Гамалей ожидал, что Абоянцев хоть тут попытается возразить ему, но тот только кивал — вернее, монотонно покачивал головой, как тибетский божок.
— Святая простота утопистов всех времен, — тихонько, как бы про себя, отозвался старый ученый, — до чего же она наивна, и до чего она притягательна! Нарисовать совершенный мир и непоколебимо верить в то, что люди потянутся к нему, как…
Он запнулся, подыскивая не слишком банальное сравнение.
«Ладно, — подумал Гамалей. — Ладно. Отдадим ему и самое любимое. Все равно он уже до всего сам допер. Могучий старик! Отдадим ему и „Сказку королевны“ — все равно лучше один раз увидеть, чем сто раз услышать».
— Вот так, — сказал он, нажимая привычную комбинацию цифр.
И тотчас же на экране возникла вершина солнечной горы, где в теплом безветрии затаилось туманное, чуть мерцающее Неведомое, прикинувшееся огромным одуванчиком. И, такое же слабое и беззащитное, как сам одуванчик, тянуло к нему ручонки несмышленое человеческое дитя, и было бы нестерпимо страшно за них обоих, если бы неусыпно и зорко не хранила бы их под своим исполинским крылом такая недобрая на первый взгляд страж-птица.
— М-да, — задумчиво проговорил Абоянцев, — но и это не человек. Это — человечество.
— Но, увы, не человечество Та-Кемта, — вздохнул Гамалей, с сожалением разглядывая рахитичное чадо. — А тем не менее этот одуванчик, как его условно называют, — это все-таки наш Колизей. Каким он видится с приличного расстояния. А мы, как это ни парадоксально, — столь привлекательные для вашего сердца утописты, ибо мы все без исключения веруем в то, что кемиты поглядят на нас годик-другой, да и потянутся создавать у себя под собственным носом лучший мир. По образу и подобию нашего.
— Почему же парадокс? В это веруют и на Большой Земле, насколько мне известно. Иначе не затевали бы всей экспедиции. Мы действительно утописты, но утописты нового уровня, ибо мы не описываем оптимальные миры, а создаем их, а главное, вернувшись к утопизму, который, как мне представляется, неотделим от истинно интеллигентного мировоззрения, мы очистились от скверны, которая поглотила человечество Земли на протяжении трех решительнейших веков ее истории: я имею в виду девятнадцатый, двадцатый, да и почти весь двадцать первый.
— Знаю я эту скверну, — без особого восторга отозвался Гамалей. — Скверна скоропалительности, нерасчетливости, ненаблюдательности.
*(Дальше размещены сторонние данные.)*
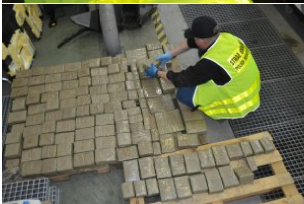
Rekordowy przemyt haszyszu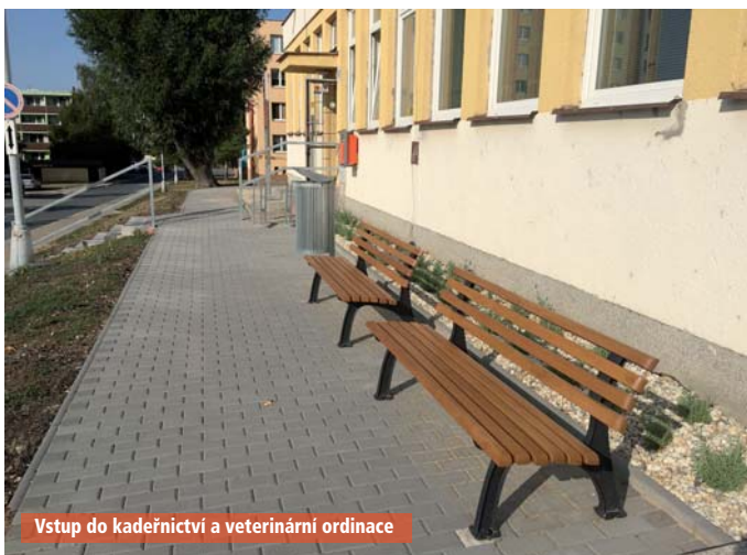
Vstup do kadeřnictví a veterinární ordinace

Вернее, все это в обратном порядке.
— Именно, голубчик, и-мен-но! Ибо ничего нет страшнее психики человека, на которого давит страх: успеть, только бы успеть — нажать спусковой крючок, пулеметную гашетку, пусковую кнопку. И обязательно — первым! В чем и состояла проблема выживаемости. Да что далеко ходить — вы сами только что, четверть часа назад, показывали мне подобного супермена, эдакого стрельца-удальца. Между прочим, он метил именно в эту страж-птицу. И в случае точного попадания обеспечивал себе небывалый трофей, а нашему условному чаду — или человечеству на самой заре — абсолютную незащищенность. Вот вам и прелесть истинно мужской стремительности — вскинул лук, натянул тетиву… Кстати, ваш мастер определенно симпатизировал своему герою. Еще бы! Начало двадцатого, героического века, века бешеных скоростей, молниеносных решений…
— Вы, как всегда, правы, — констатировал Гамалей.
Как всегда — абсолютно и омерзительно. И в последнем случае, насчет стрельца — с точностью до наоборот.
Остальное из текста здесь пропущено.